Exercise brief: Start the copy at the line containing "Die Einstellungen für" and run it through the last line of the records. Repeat each line exactly; omit pictures.

--- START ---

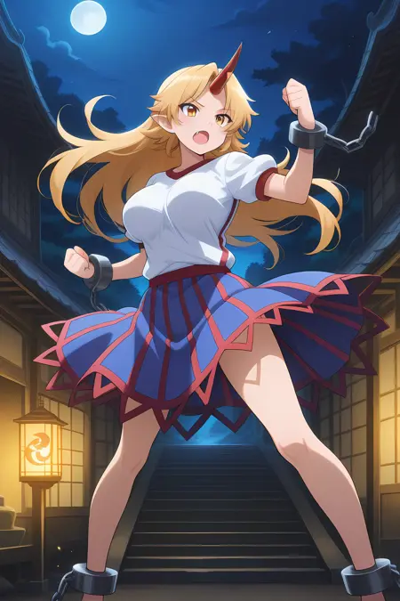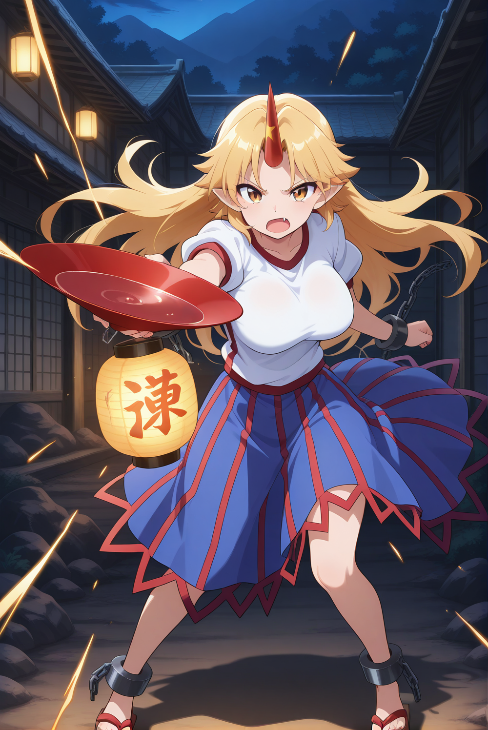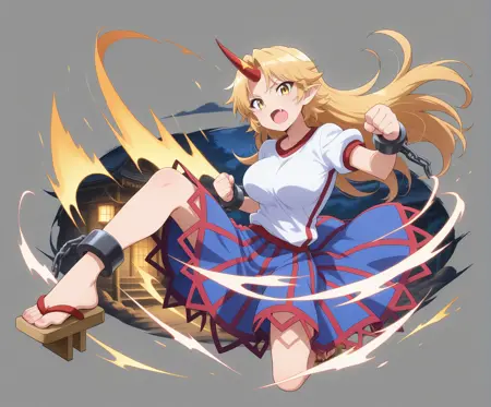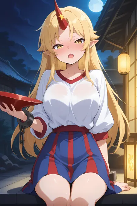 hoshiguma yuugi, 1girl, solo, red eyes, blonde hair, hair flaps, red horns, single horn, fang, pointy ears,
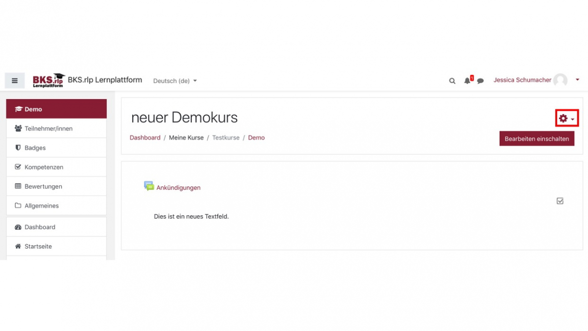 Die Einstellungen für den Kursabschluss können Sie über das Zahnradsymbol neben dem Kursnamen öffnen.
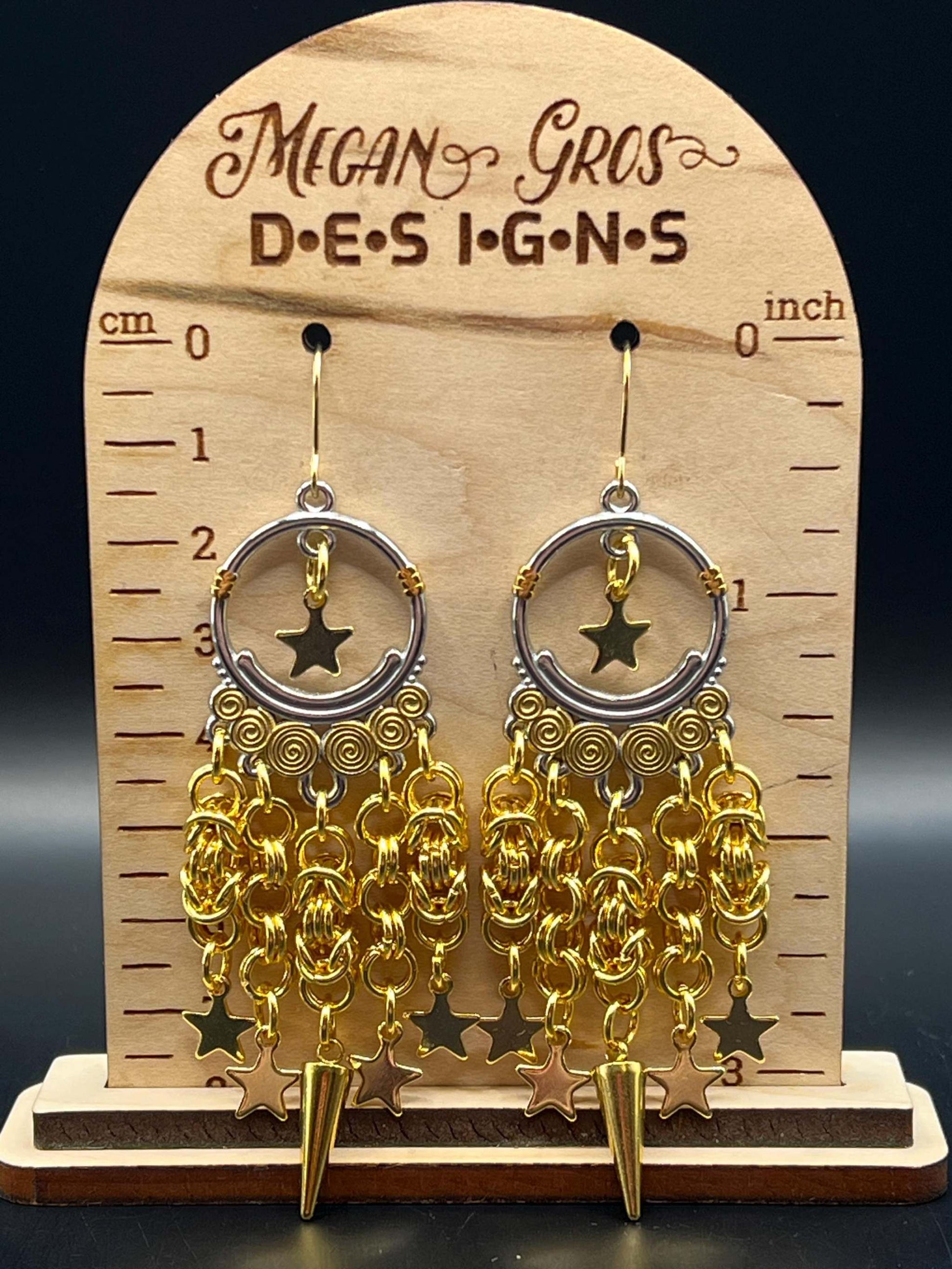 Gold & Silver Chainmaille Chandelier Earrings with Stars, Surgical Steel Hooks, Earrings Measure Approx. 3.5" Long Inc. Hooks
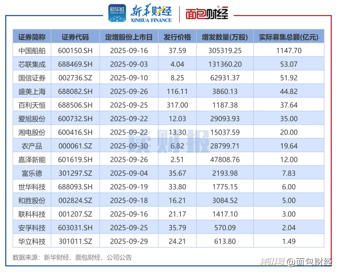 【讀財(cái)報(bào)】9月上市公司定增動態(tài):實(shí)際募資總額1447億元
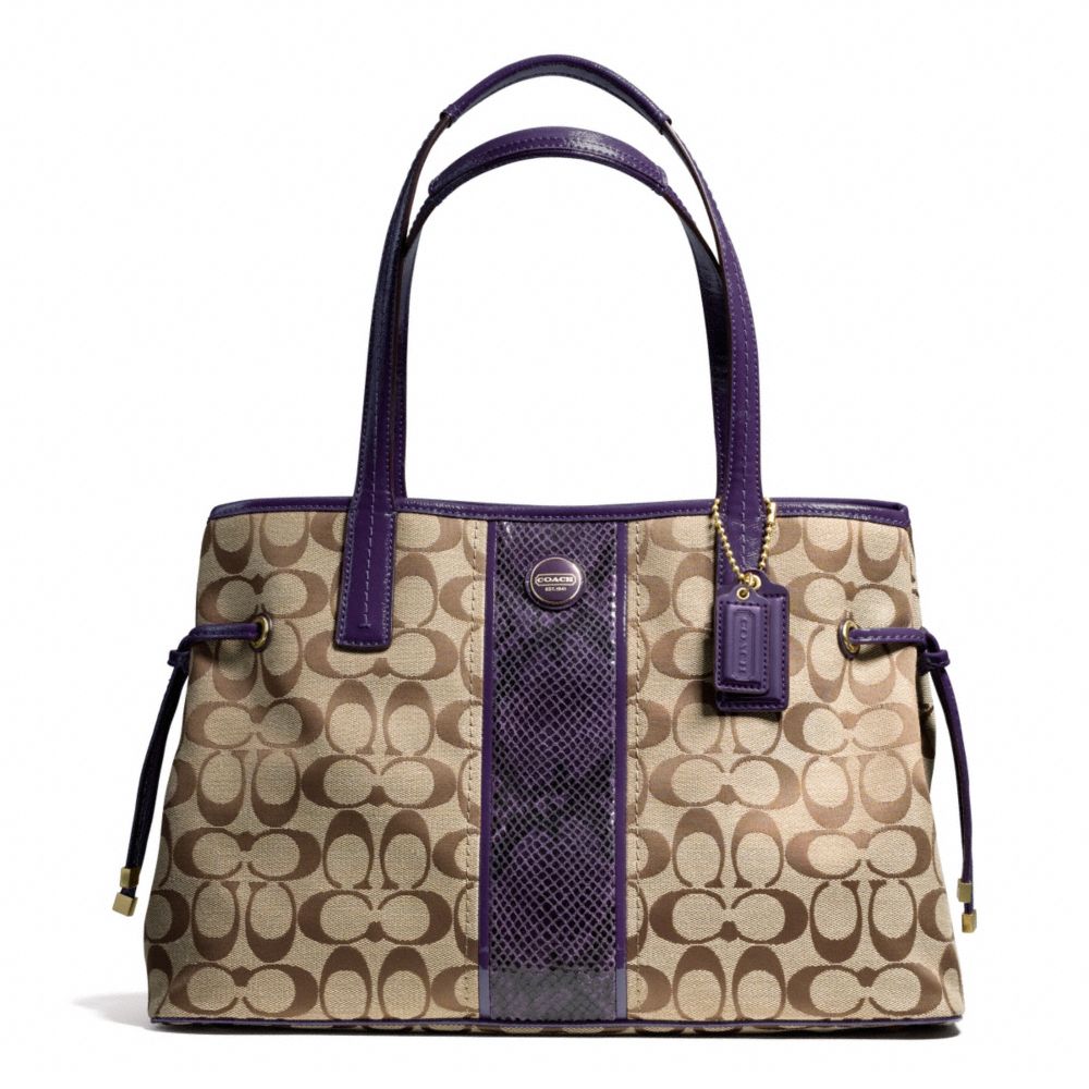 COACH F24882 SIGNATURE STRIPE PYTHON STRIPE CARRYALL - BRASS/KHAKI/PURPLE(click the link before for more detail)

--- END ---

Response to the task:
 Die Einstellungen für den Kursabschluss können Sie über das Zahnradsymbol neben dem Kursnamen öffnen.
 Gold & Silver Chainmaille Chandelier Earrings with Stars, Surgical Steel Hooks, Earrings Measure Approx. 3.5" Long Inc. Hooks
 【讀財(cái)報(bào)】9月上市公司定增動態(tài):實(shí)際募資總額1447億元
 COACH F24882 SIGNATURE STRIPE PYTHON STRIPE CARRYALL - BRASS/KHAKI/PURPLE(click the link before for more detail)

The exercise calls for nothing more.